STORED DATA>

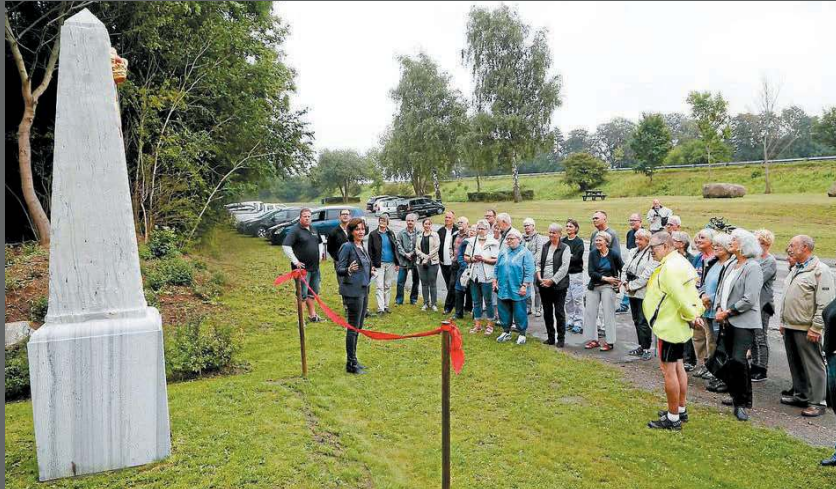
Borgmesteren i Lejre kommune indvier en nyrestaureret milesten - ligeledes et eksempel på et samarbejde, milestensgruppen har deltaget i.

Deltag aktivt i bevaringsarbejdet gennem Dansk Vejhistorisk Selskab
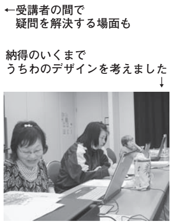
←受講者の間で疑問を解決する場面も

9月8日(火)から10日(木)までの3日間、砂川市地域交流センター「ゆう」においてパソコン教室を開催しました。

TASK INSTRUCTIONS> The task requires restating verbatim the lines from the one that holds "Deltag aktivt i" through the end of the listing, both ends counted, and no pictures.

WRITTEN RESPONSE>
Deltag aktivt i bevaringsarbejdet gennem Dansk Vejhistorisk Selskab
←受講者の間で疑問を解決する場面も

9月8日(火)から10日(木)までの3日間、砂川市地域交流センター「ゆう」においてパソコン教室を開催しました。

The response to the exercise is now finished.